Authors
Partner, Disputes, Toronto
Partner, Disputes, Toronto
Associate, Disputes, Toronto
Associate, Disputes, Toronto
Key Takeaways
- AI is transforming the legal profession, helping with tasks like data review and drafting submissions, yet it raises concerns about accuracy and professional responsibility.
- Misuse of AI in legal advocacy comes with a risk, as Courts have demonstrated a willingness to sanction parties that rely on hallucinated authorities.
- Canadian courts are enacting guidelines for AI use, requiring transparency and emphasizing the responsibility of legal counsel to proofread AI-generated content.

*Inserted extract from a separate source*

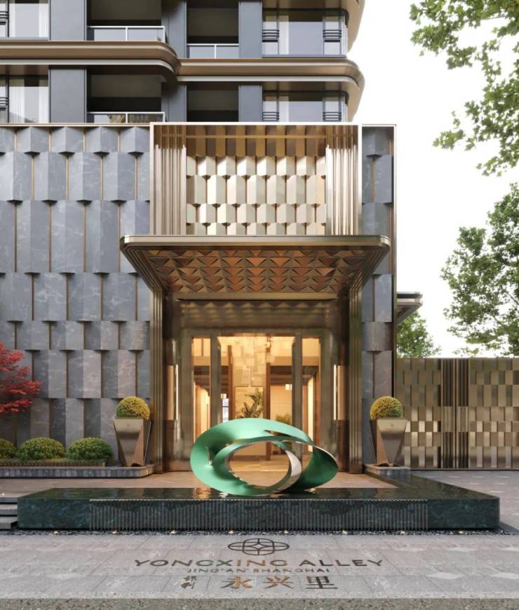 复刻和平饭店酒店式门庭,引入酒店式双线归家仪序,五进入户礼序与四重车仪之道,置身于海派隐奢的世界。高定酒店式落客区,尊奢入口,以国际顶奢酒店华尔道夫安曼式礼序营造,尽显尊贵风范。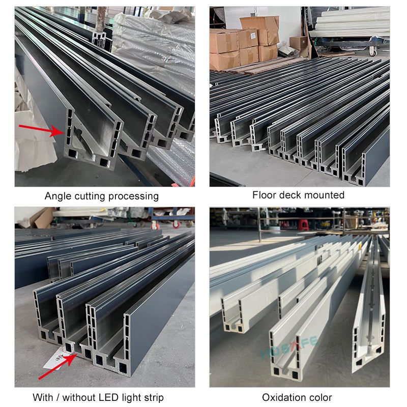 ราวบันไดกระจกอลูมิเนียมไฟ LED ติดง่ายราวระเบียงราวบันไดแบบไม่มีกรอบทันสมัย

The rapid expansion of artificial intelligence (AI) has been transforming virtually every sector of the economy. In the legal profession, law firms are increasingly relying on AI to perform tasks such as reviewing data, drafting agreements and conducting basic legal research. The emergence of AI is also transforming legal advocacy, as legal counsel and self-represented litigants are increasingly using AI to draft and support legal submissions in courts across the country.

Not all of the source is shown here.